**Your goal**
Retype every line from the start of the data down to and including the line with "牡丹花朵雍容華貴,色彩艷麗,被譽(yù)". Skip the pictures.

[Data items]
*** Begin section ***

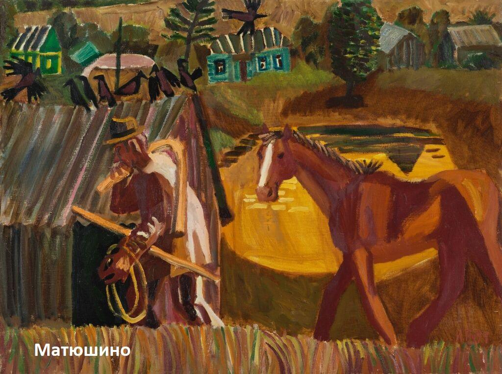 Живописная манера Пчельникова мне совершенно не близка. Но среди его картин встречаются просто удивительные работы, которые воздействуют непосредственно на чувства. В некоторых эмоции просторвутся с полотна, видно , насколько сильно и остро чувствует художник. В то же время, например, серия «Матюшино», посвященная деревне, в которой обосновался Пчельников в последние десятилетия жизни, полна радостью жизни, спокойствием и неспешностью. В общем, получила удовольствие, не только решая кросс, но и знакомясь с творчеством художника.
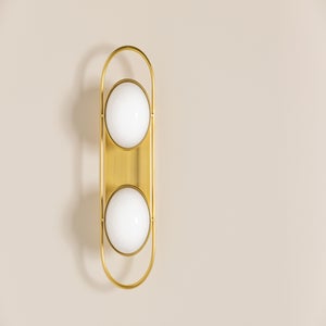 The Amy Wall Sconce by Mitzi is a sophisticated lighting fixture that combines style and functionality. It features two G9 sockets, accommodating G9 LED bulbs with a wattage of 6.00 each (bulbs not included). With a width of 16.00 inches, a height of 5.50 inches, and an extension of 5.25 inches, this sconce is designed for versatile placement in any room. The elegant glass shade enhances its aesthetic appeal, available in a choice of Aged Brass (AGB) or Polished Nickel (PN) finishes. ETL Damp rated, the Amy is suitable for use in humid environments, making it ideal for bathrooms or other moisture-prone areas.
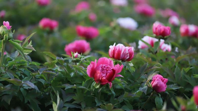 牡丹花朵雍容華貴,色彩艷麗,被譽(yù)為“花中之王”。金雞湖牡丹園的花朵盛開時(shí),仿佛一幅富麗堂皇的畫卷,令人嘆為觀止。
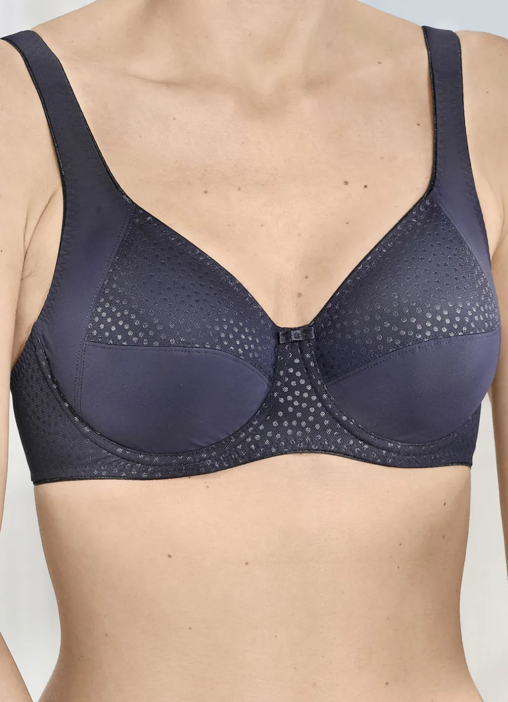 „Format“-Bügel-BH in Marine, mit dezent glänzendem Jacquarddessin, unterlegtem Vorderteil, verstärktem Rückteil sowie verstellbaren Stretchträgern.
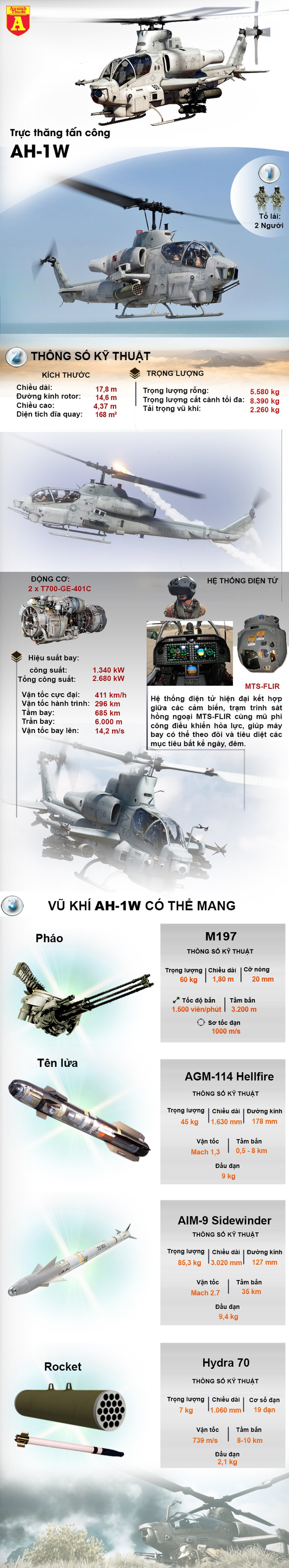 Dòng trực thăng AH-1W là thế hệ thứ hai của dòng trực thăng chiến đấu nổi tiếng AH-1 Cobra của Mỹ - từng tham chiến lần đầu tiên ở Việt Nam. Khác với thế hệ đầu, những chiếc AH-1W Super Cobra được trang bị 2 động cơ cho khả năng cơ động tốt hơn, cùng hệ thống điện tử tiên tiến hơn. Chúng có thể mang nhiều loại vũ khí khác nhau để tấn công mặt đất.
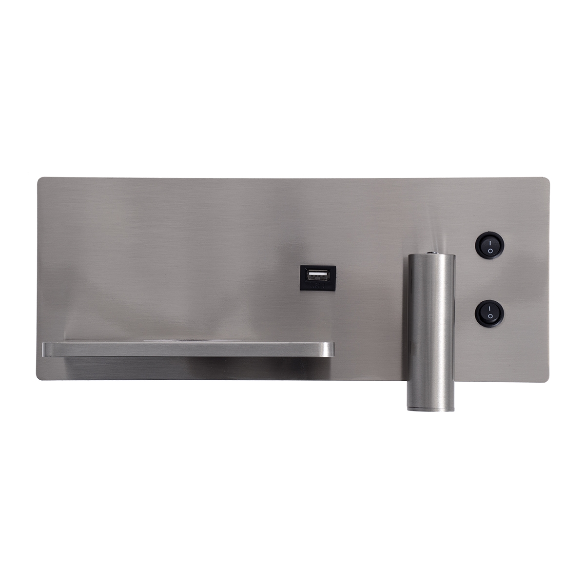 GloboStar® PALADIN 61355 Μοντέρνο Φωτιστικό Τοίχου - Απλίκα Ξενοδοχείου Bed Side LED 6W 720lm 36° AC 220-240V - Reading Light & Κρυφός Φωτισμός - Φορτιστές USB 3A & Wireless 20W - Μ30 x Π11 x Υ12cm - Φυσικό Λευκό 4500K - Νίκελ Βούρτσας - Αριστερό
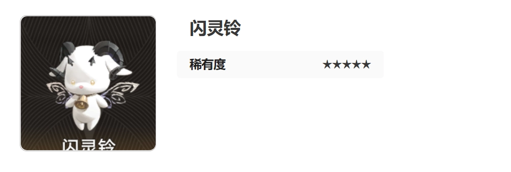 閃靈鈴與其他魔靈的稀有度相同,同樣是5星級魔靈。想必這只魔靈能俘獲眾多玩家的心。閃靈鈴的外形宛如一只可愛的小奶牛,有著純白的皮膚,脖子上系著一個精巧的銅鈴鐺,背后長著一對仿佛只有花仙子才有的翅膀,腦袋上還生出一對黑色的小牛角。單從外形來看,閃靈鈴就已勝過其他魔靈。
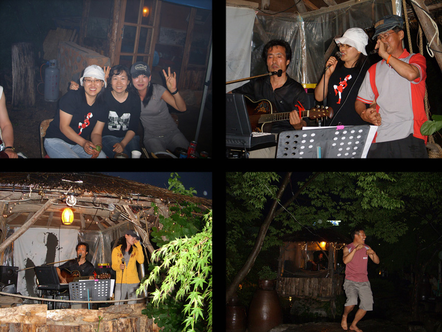 집사람과 아들을 태우고 비 내리는 토요일 저녘 서해안 고속도로를 달려 회원들이 묵고 있는 상류 파라다이스 펜션에 도착하니
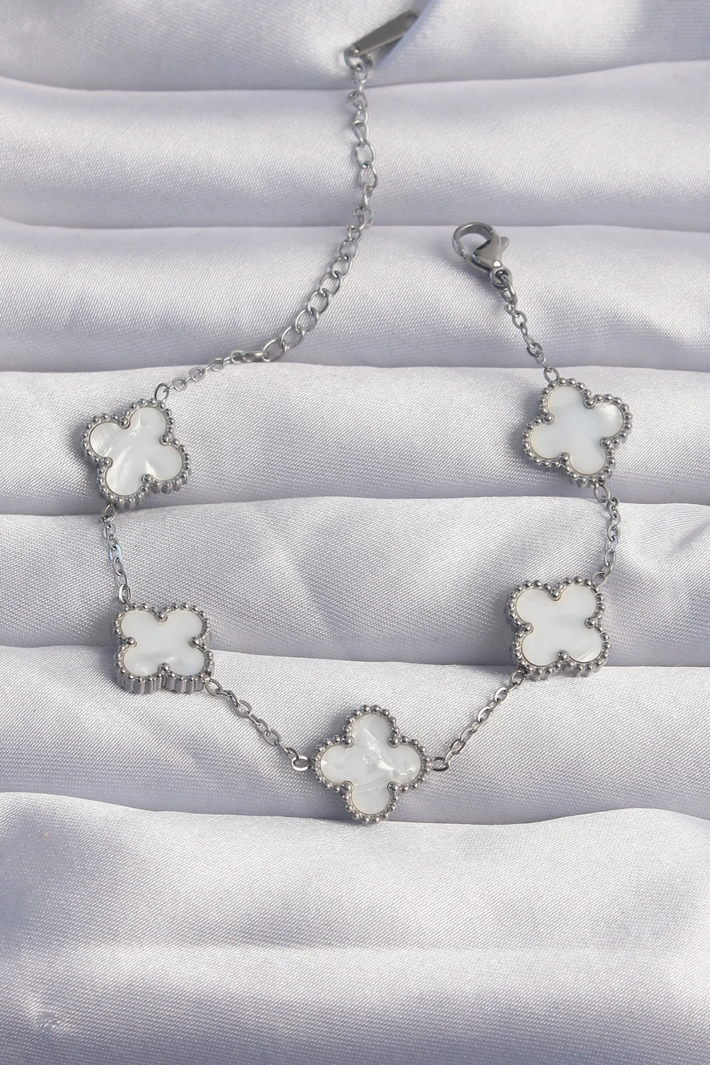 BFS 316L Çelik Gümüş Renk Beyaz Sedefli Yonca Bileklik
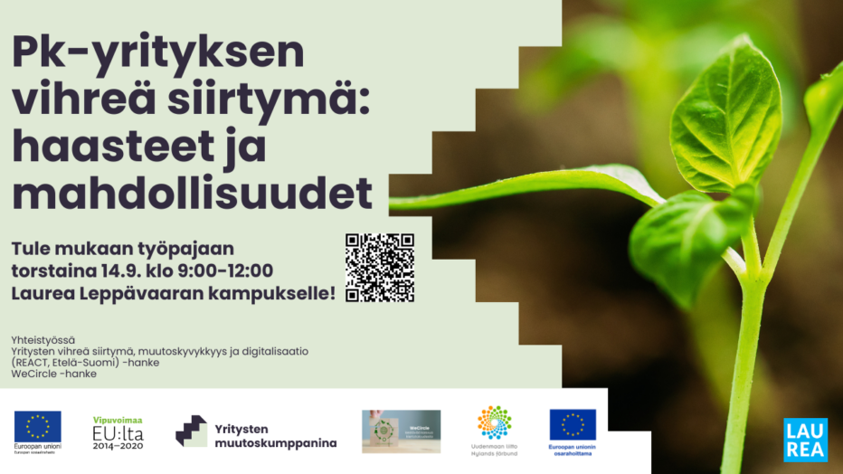 Pk-yrityksille suunnatut työpajat järjestetään osana Yritysten vihreä siirtymä, muutoskyvykkyys ja digitalisaatio (REACT, Etelä-Suomi) ja WeCircle-hankkeita.
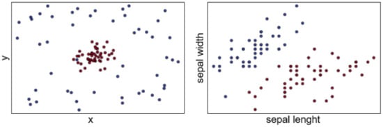 Iris data consist of three classes (Iris Setosa, Iris Versicolour, and Iris Virginica), each of which has four features, namely sepal length, sepal width, petal length, and petal width. We consider a two-class dataset {Iris Setosa, Iris Versicolour} with a size of 100 data points, and each class is characterized by two features (sepal length, sepal width) shown in Figure 1 (Right) and Table 1.
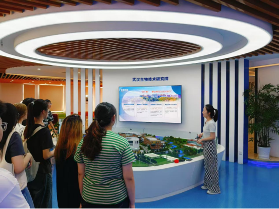 在武汉生物技术研究院(以下简称“研究院”),师生们得以一窥区域生物科技创新的策源力量。研究院工作人员介绍了其作为开放型研发大平台的定位——由湖北省、武汉市、东湖高新区三级政府共建,旨在打造技术创新的沃土、成果转化的摇篮和高层次人才的磁石。

*** End section ***

**Final answer**
 Живописная манера Пчельникова мне совершенно не близка. Но среди его картин встречаются просто удивительные работы, которые воздействуют непосредственно на чувства. В некоторых эмоции просторвутся с полотна, видно , насколько сильно и остро чувствует художник. В то же время, например, серия «Матюшино», посвященная деревне, в которой обосновался Пчельников в последние десятилетия жизни, полна радостью жизни, спокойствием и неспешностью. В общем, получила удовольствие, не только решая кросс, но и знакомясь с творчеством художника.
 The Amy Wall Sconce by Mitzi is a sophisticated lighting fixture that combines style and functionality. It features two G9 sockets, accommodating G9 LED bulbs with a wattage of 6.00 each (bulbs not included). With a width of 16.00 inches, a height of 5.50 inches, and an extension of 5.25 inches, this sconce is designed for versatile placement in any room. The elegant glass shade enhances its aesthetic appeal, available in a choice of Aged Brass (AGB) or Polished Nickel (PN) finishes. ETL Damp rated, the Amy is suitable for use in humid environments, making it ideal for bathrooms or other moisture-prone areas.
 牡丹花朵雍容華貴,色彩艷麗,被譽(yù)為“花中之王”。金雞湖牡丹園的花朵盛開時(shí),仿佛一幅富麗堂皇的畫卷,令人嘆為觀止。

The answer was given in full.